Terence Sears stepped into the spotlight when his wife, Lt. Gov. Winsome Earle-Sears, was pulled off the campaign trail by Democrats calling a last-minute redistricting special session. He took the stage at a family farm rally in Montgomery County, firing up supporters and calling out what he and other Republicans view as partisan games that threaten Virginia’s future. The event drew local GOP figures and a sharp warning about where the state might head without voter action.
Sears, usually measured, did not hold back about how he felt watching Democrats keep his wife in Richmond instead of letting her campaign. “I was pissed off because of what the Democrats have done to my wife,” he said, laying blame on a process he described as political theater. That anger was tied to a broader message that Republicans should mobilize ahead of a consequential election.

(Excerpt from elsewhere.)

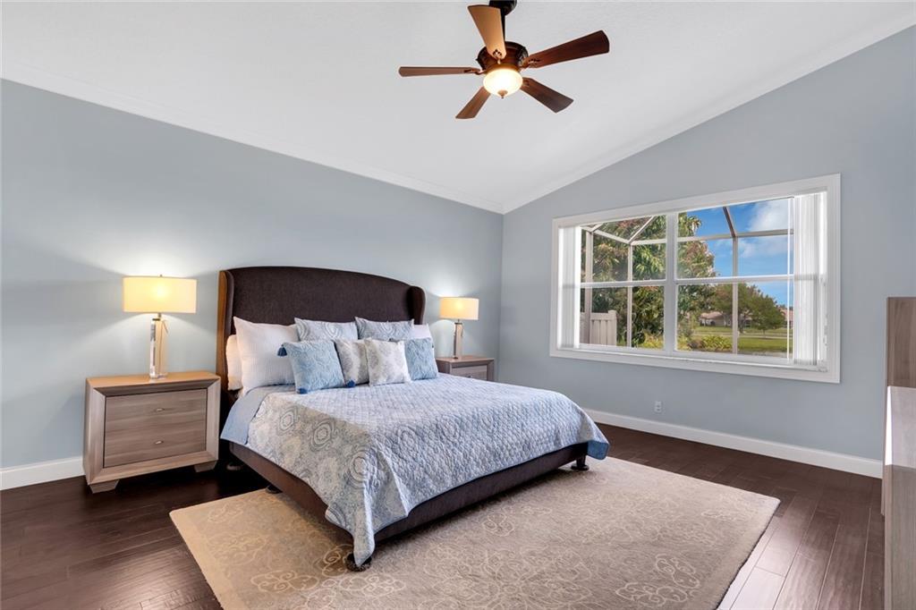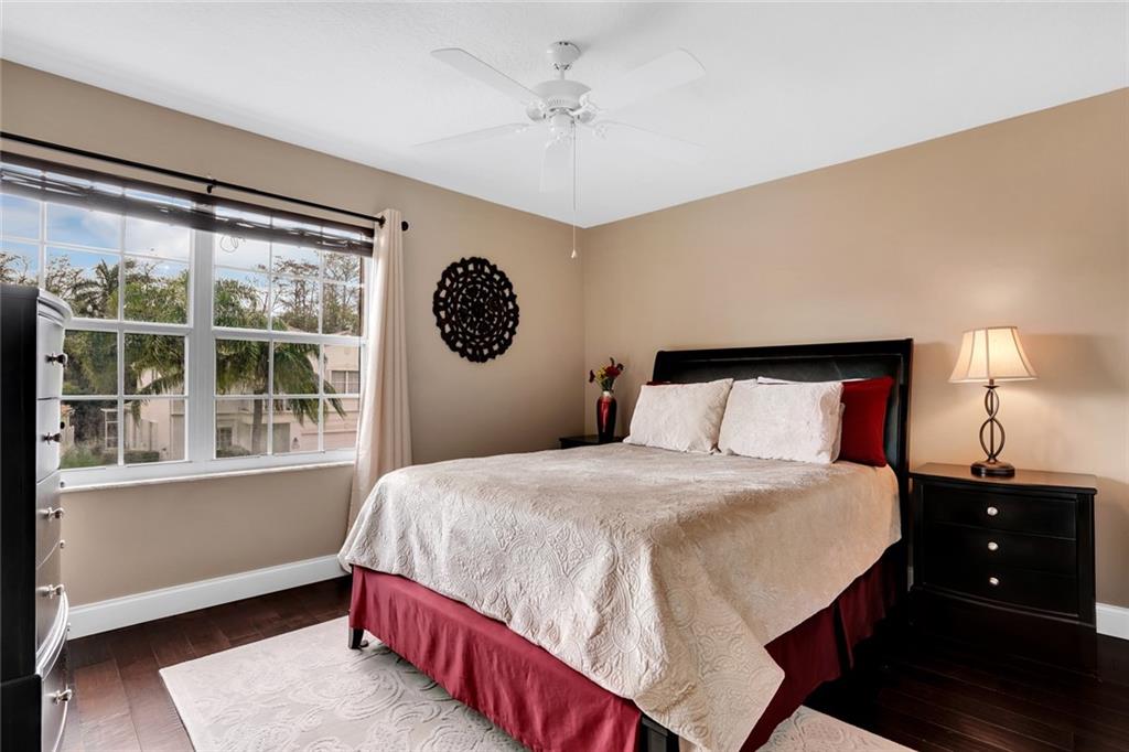 Beautiful waterfront views await you in your new house in the desirable community of Mizner Pointe. Soaring ceilings when you enter the living room lead you to your downstairs master bedroom oasis off the kitchen. Kitchen features newer Stainless Steel appliances and granite counter tops. Beautiful wood floors lead you upstairs which features a spacious loft - great for kids! 1 bedroom has ensuite bathroom, and 2 more bedrooms with a shared bathroom. Enjoy your long screened-in patio and beautiful lake view from your oversized family room & master bedroom. Home features accordion shutters for hurricane protection and low insurance. Zoned for Del Prado Elementary Omni Middle, & Olympic Heights High - All EXCELLENT schools! Easy access to Turnpike & 95 and close to Boca Mall & shopping!

He noted that the same tactic had been used elsewhere just hours earlier, a maneuver that forced Earle-Sears to preside over the Senate instead of joining the ticket on the stump. Sears argued this was more than petty politics; he framed it as Democrats prioritizing power plays over voters and normal campaigning. The rally at the Obenshain family farm became a moment to convert frustration into turnout.

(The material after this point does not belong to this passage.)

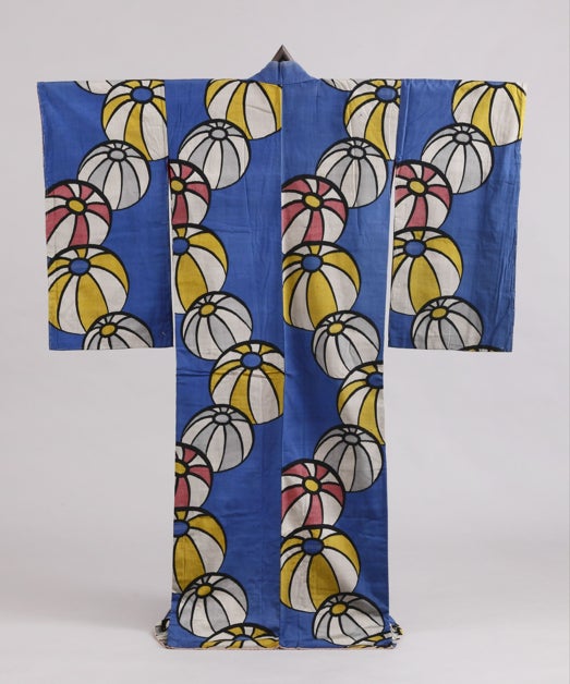 出品作品2.「縹地紙風船模様銘仙着物 昭和時代・20世紀」

“She would’ve loved to have been here with you – but you see the games that they’re playing and the shenanigans that they’re pulling to keep her off the campaign trail … If you do not want to become Maryland or California, then you need to get out there and vote,” he said, making the stakes clear with a plain, direct warning against a leftward slide. He reminded the crowd he had traveled from Winchester to stump in Southside Virginia, underlining the ticket’s commitment despite the interruptions. That appeal aimed to turn voter annoyance at procedural tricks into actual ballots.
Local GOP leaders joined Sears onstage to stress policy and safety themes Republicans want to emphasize, including education and community security. The Obenshain family’s presence reinforced the regional nature of the campaign and the party’s grassroots energy. Speakers framed the redistricting session as an urgent reason for Republicans to protect local representation.
Rep. Morgan Griffith used his time to blast the redistricting push and the timing of the special session, warning it could reshape Virginia’s congressional map in ways that leave few Republicans standing. He warned voters that Democratic-controlled processes in Richmond risked diluting conservative representation across the state. Griffith painted the contest as a fight over the state’s political soul, not just lines on a map.
Before introducing lieutenant governor candidate John Reid, Griffith shared a colorful memory about Reid’s father and a tongue-in-cheek tool for dealing with political theater. “When the speaker does something really stupid, we’re going to put on these B.S. Deflectors,” Griffith recounted Reid telling the GOP conference back when they were in the state House together. The anecdote was meant to underscore frustration with what Republicans see as transparent, self-serving maneuvers from the majority.
Griffith described how that bit of humor became more than a joke once contentious rulings started landing on the floor. “Jack gives us all the signal, we put on these sunglasses. The media wants to know what’s going on and Jack goes out and says ‘we call B.S. when we see – and that ruling by the speaker was B.S’.” The story landed with the crowd as a symbol of holding leaders accountable when they overreach.
The event blended anger at procedural tactics with a familiar Republican call to action: show up and vote. Speakers repeatedly framed the redistricting scramble as a last-minute grab for advantage, urging voters to treat it as a wake-up call. That messaging aimed at turning local irritation into organized turnout at the polls.
Attendees heard a steady refrain about protecting Virginia’s future from policies associated with more liberal states, and the candidates used that contrast to sharpen their pitch. The emphasis on education, safety, and fair maps was presented as practical reasons to back the GOP ticket. Organizers pushed the idea that this election is a defense of local control against top-down decisions from Richmond.
The rally closed with a call to keep up pressure on the ballot box rather than the legislative floor, encouraging volunteers and voters to translate outrage into action. Republican leaders made clear they see the redistricting session as proof that vigilance matters and that citizens must be the final check. The crowd left with a simple task: turn concern about political games into votes that protect their communities.